[R] [FORGED] Re: If else
Rolf Turner
r.turner at auckland.ac.nz
Sun Nov 1 01:06:31 CET 2015
Jim: I'm sure that this is much more sophisticated than anything that
the OP ever dreamed of dealing with. And irrespective of that, the
issue is not about there being more than two sexes in some contexts but
rather of the folly of treating categorical data as numeric.

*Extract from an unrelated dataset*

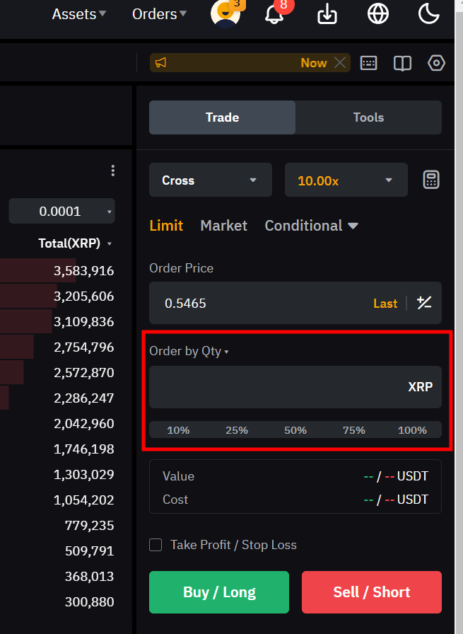 그 다음 수량을 설정하면 되고 아래의 TP/SL를 설정하면 손익절을 설정할 수 있다.
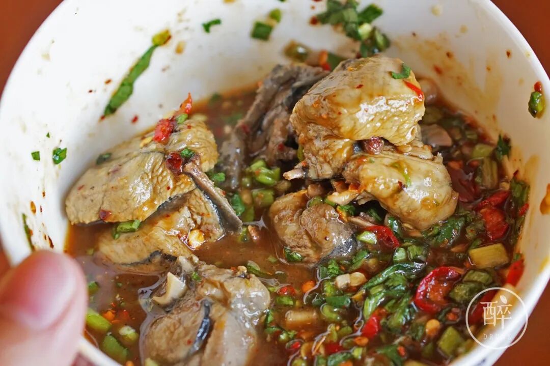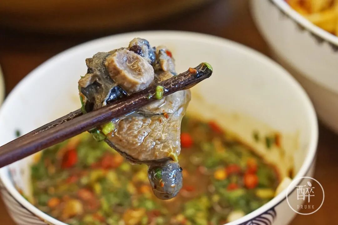 蘸酸木瓜火腿鸡,在烧鸡的风味上增加酸味的存在感,辣味先入口感觉到的是小米辣的辛辣,再是一丢丢辣椒籽籽的辣意。

Moreover your "neither male nor female" sexes have nothing whatever to
do with missing values. Missing means that the value wasn't *observed*,
not the values was weird/strange/unfamiliar.
cheers,
Rolf
--
Technical Editor ANZJS
Department of Statistics
University of Auckland
Phone: +64-9-373-7599 ext. 88276
On 01/11/15 12:45, Jim Lemon wrote:
> Having had to face this problem myself more than once, I sympathize with
> Ted's argument. First let me confess that I regard sex as a measure of the
> reproductive phenotype. Given the ongoing experimentation with both sex and
> gender, I have had to add "U" (Unstated - includes all those acronyms that
> can be mistaken for gamma hydroxy butyrate) to "M" and "F" in a dataset or
> two.
>
> Even worse is the crap shoot of sex chromosomes. While XYY is not much of a
> problem at all, Turner's Syndrome (XO) is neither female (although they
> appear to be) nor male. Given a reasonably large sample (the dream of
> some), nature usually provides a few permutations that, while we know what
> they are, don't really fit comfortably in either "M" or "F".